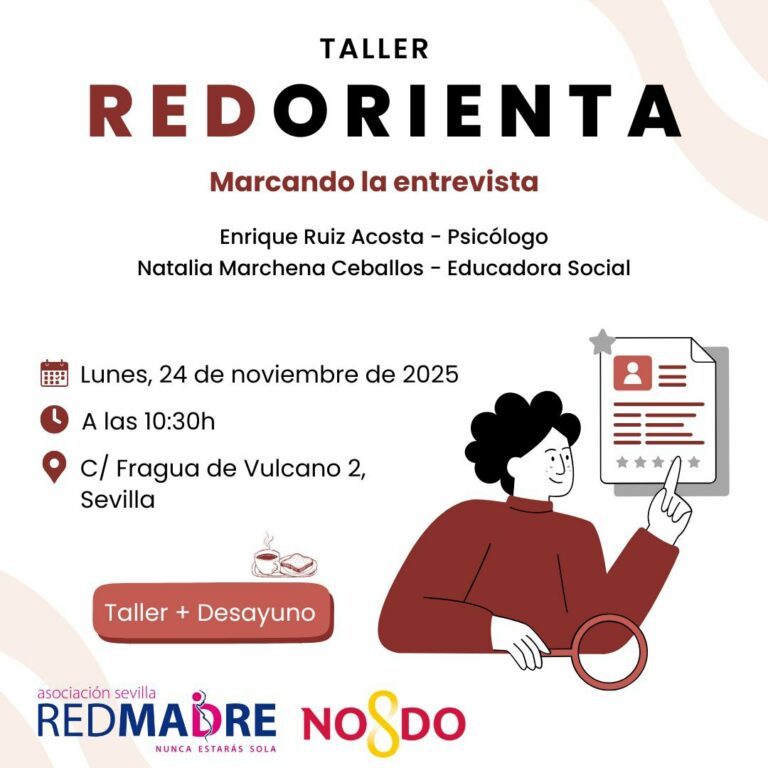 El próximo lunes 24 de noviembre, Enrique Ruiz Acosta, psicólogo de la Unidad Sanitaria de Psicología de REDMADRE Sevilla, y la educadora social, Natalia Marchena Ceballos impartirán el Taller «RedOrienta. Marcando la entrevista», quinta sesión del segundo ciclo de estos talleres dedicado a la empleabilidad, donde Enrique y Natalia seguirán abordando aspectos de la entrevista de trabajo relacionados con la marca personal de las participantes.
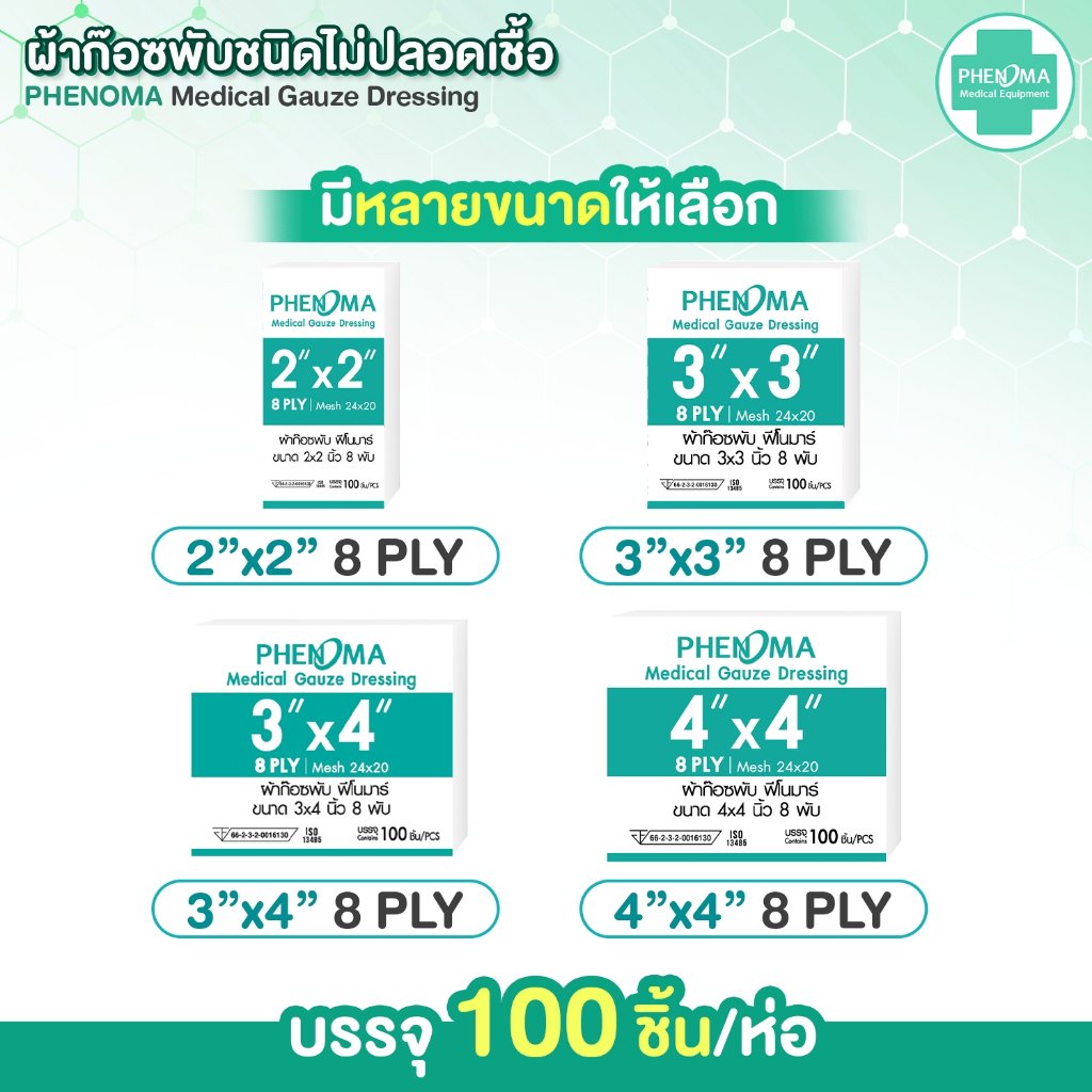 ผ้าก๊อซพับฟีโนมาร์ ชนิดไม่ปลอดเชื้อ ผลิตจากฝ้ายแท้ Natural Cotton 100%
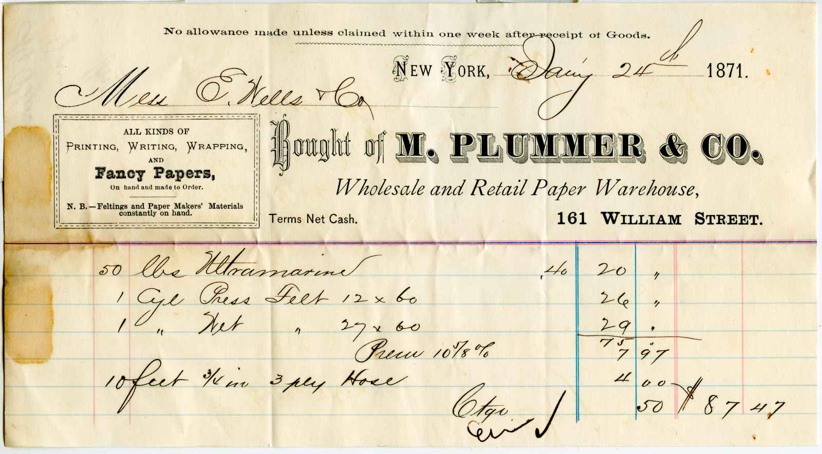 | dc.description | receipt; Plummer, M. & Co. - Wholesale & Retail paper Dealers - N.Y. | |
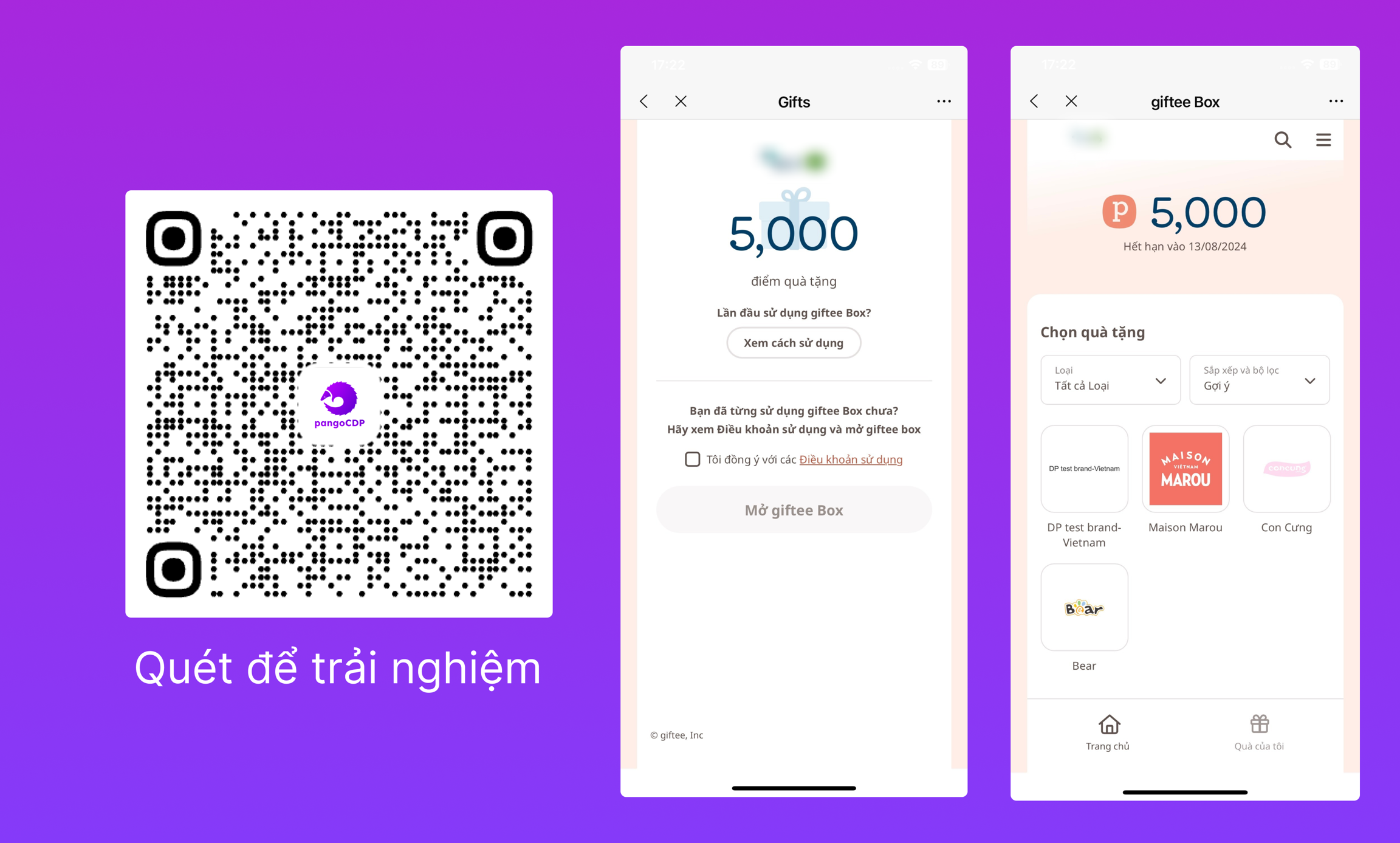 PangoCDP hợp tác với Giftee để giới thiệu một loại quà tặng mới, cho phép khách hàng nhận điểm thưởng và đổi lấy các Voucher từ danh sách có sẵn. Điều này giúp khách hàng linh hoạt hơn trong việc lựa chọn Voucher phù hợp với nhu cầu mua sắm của họ.
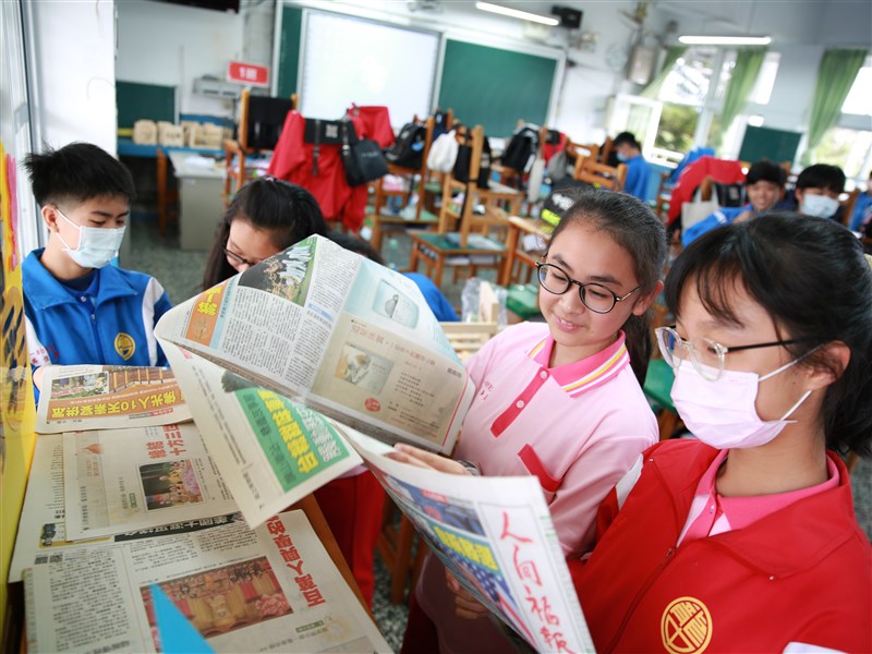 學生長期讀報,不僅可提升認知能力,還能增加對報紙新聞的信任度。圖為龍潭國中學生閱讀《人間福報》。圖/資料照片
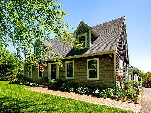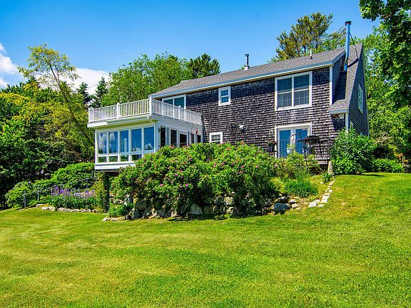 Welcome to this charming 2001 meticulously maintained Cape located on a private cul de sac with only three residences. Offering beautiful distant views of Blue Hill Bay, it is conveniently close to all the amenities Blue Hill has to offer. The house features three spacious bedrooms and three full baths, including a primary en-suite. The open eat-in kitchen and dining area includes a cozy propane fireplace, and the living area is equipped with a wood stove. Off the kitchen, there is  also an attached three-season sun porch overlooking the gardens and meadow, as well as an open deck with water views. The full unfinished walk-out basement offers a workshop and significant storage space. Surrounded by gorgeous landscaping including lupine, lilacs, 100+ year old Linden tree, and many other perennial's, this property is a MUST SEE!
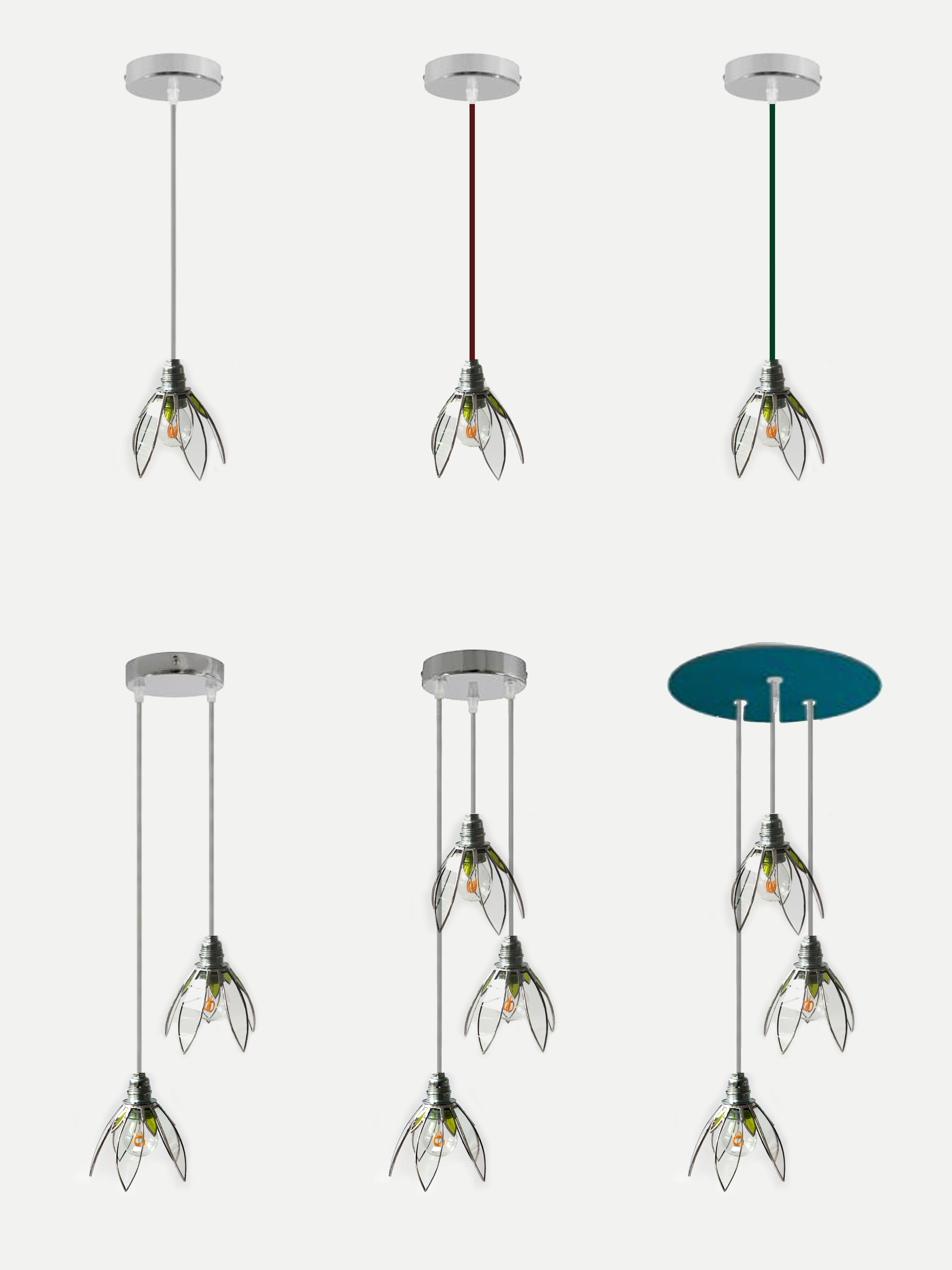 Suspension à 1, 2, 3 fleurs ou plus, douille argentée, soquet E14, ampoule(s) comprise(s), longueur de fil adaptable (jusque 1m inclus), couleur de fleur et de fil au choix.
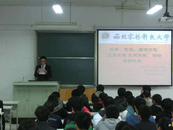 为积极响应学校开展“五个文明工程”的活动号召,规范学生的日常行为,帮助学生养成良好的学习和生活习惯。11月18日晚,由农学院、资环学院、葡萄酒学院联合举办的“互督互检 文明你我”活动启动仪式在北校区N8208教室隆重举行。
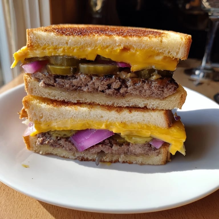 Save to Pinterest There's a moment in every kitchen when two ideas collide and something magical happens. Mine came on a lazy Saturday afternoon when I couldn't decide between craving a proper smashed burger or the comfort of a buttery grilled cheese. Why choose? I grabbed the ground beef, tossed it on a hot skillet, and smashed it thin with everything I had—the sizzle and crust that formed in those seconds told me I was onto something. By the time I'd melted cheese over that patty and pressed it between golden bread, I knew this wasn't just improvisation; it was the answer I didn't know I was looking for.
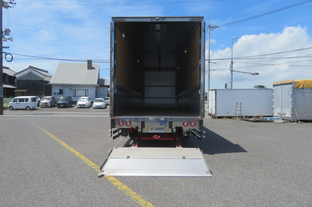 | 備考 | トランテックス 格納ゲート:極東開発 ラッシング2段 内フック9対 庫内灯4灯(LED) ハイルーフ アルミホイール リアエアサス ミラー・グリル・コーナー・バンパー・サイドガーニッシュ:メッキ ラジオ ETC バックモニター 床:板 プロシフト 燃料タンク:300L+200L | ||||
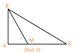 a) Đo các góc \(BAC,BMA,ACB\) ở Hình 38, từ kết quả đó cho biết góc nào là góc nhọn, góc tù và góc bẹt?
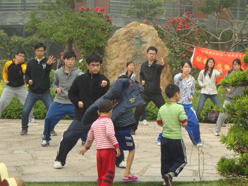2012年3月3日15点,09中西医团支部的同学们在附院花园向周围群众和就医的病患展示、教习了养生健身操——八段锦,受到群众欢迎。
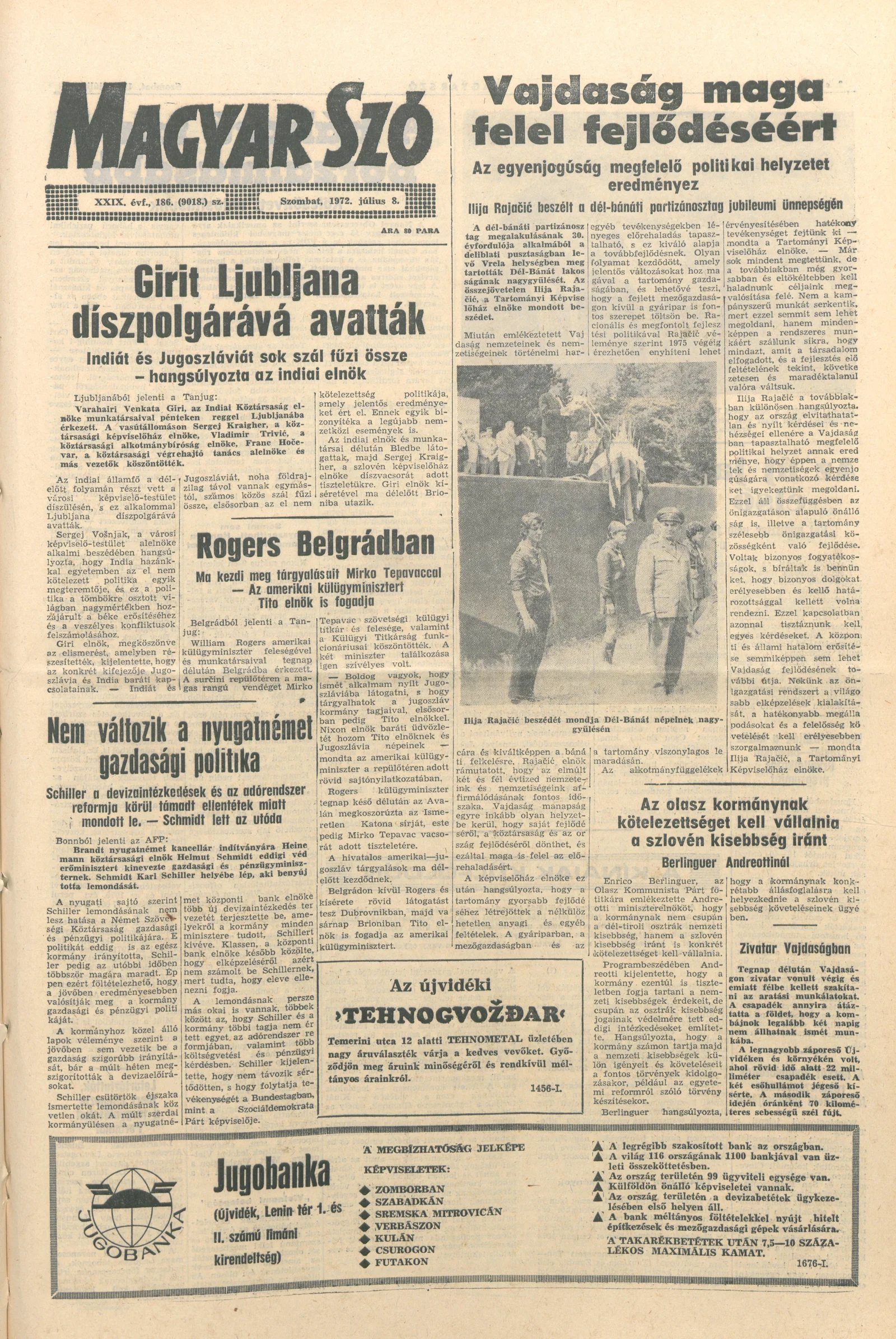 Magyar Szó, 29. évf. 1972. július 8. 186. sz. 1–16. oldal
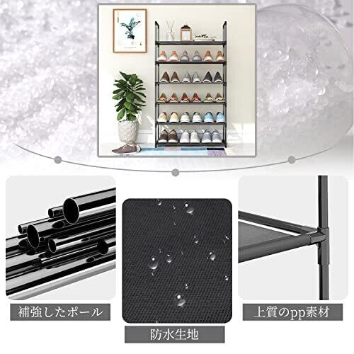 【良い素材を使用】スチール・プラスチック製で強化した不織布棚は、通気性に優れて、防水もできます。普段のお手入れが簡単になります。シューズラック底部は床からも約5cm離れているので、湿気やホコリ等がつきにくいです.汚れても水洗いが可能です。
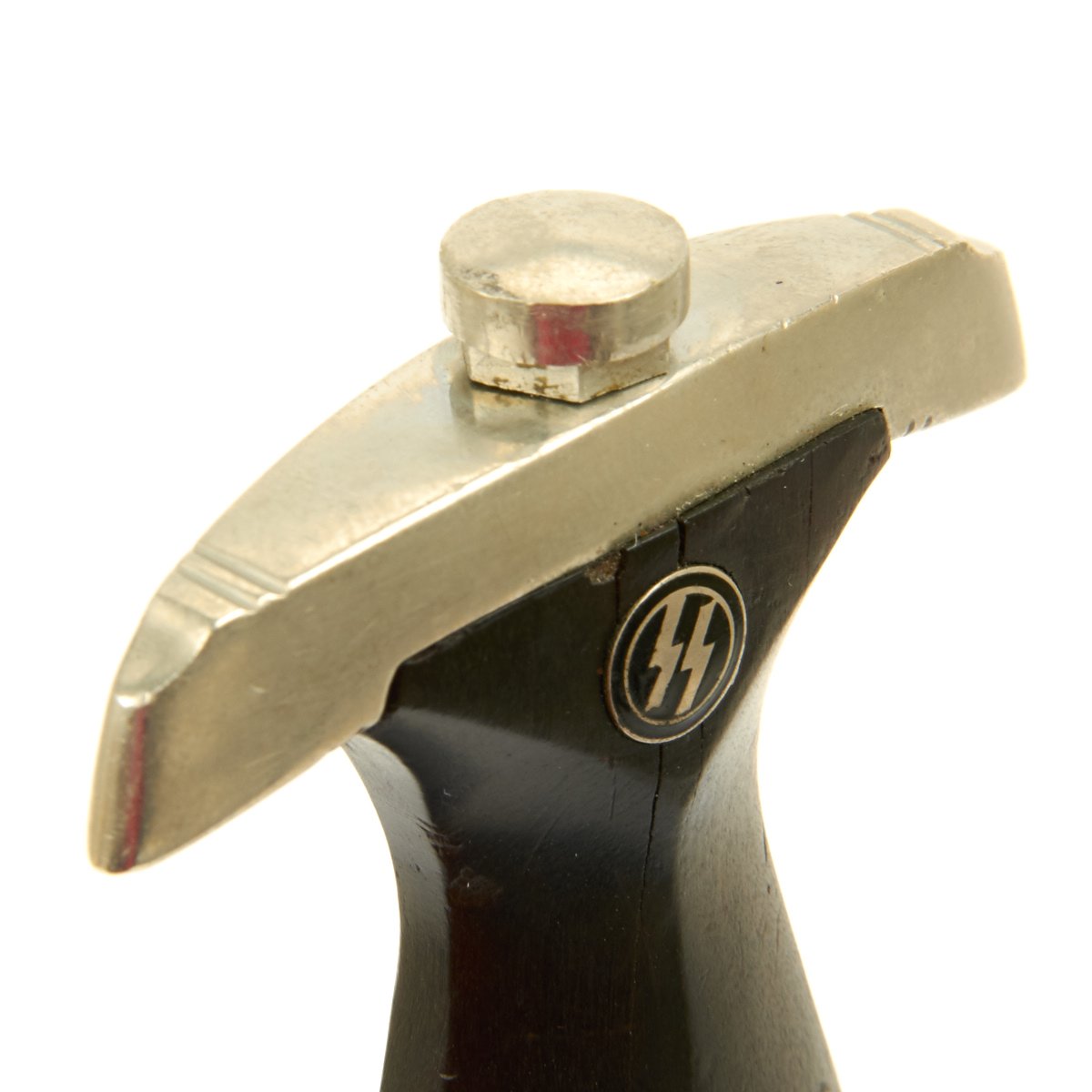 The ebony grip is a nice example showing in great shape except for some cracking and small chips near the lower edge. Early examples such as this were hand fit, which could result in cracking over time. The symbol button is positioned at about 7:00 o'clock, and the enamel surfaces are perfect. The silvered SS symbol and double circles around them have a nice matching patina with the nickel still intact. The nickel grip eagle is the "high-necked" type with the beak pointing slightly up. It remains in crisp condition, showing little wear to the bird's head, breast and wing feathering and to the talons, wreath or swas.

Required action -> From the material above, output only the span of lines that starts at the one containing "Dealers - N.Y. | |" and finishes at the one containing "PangoCDP hợp tác", word for word and free of pictures.

Answer to this exercise ->
 | dc.description | receipt; Plummer, M. & Co. - Wholesale & Retail paper Dealers - N.Y. | |
 PangoCDP hợp tác với Giftee để giới thiệu một loại quà tặng mới, cho phép khách hàng nhận điểm thưởng và đổi lấy các Voucher từ danh sách có sẵn. Điều này giúp khách hàng linh hoạt hơn trong việc lựa chọn Voucher phù hợp với nhu cầu mua sắm của họ.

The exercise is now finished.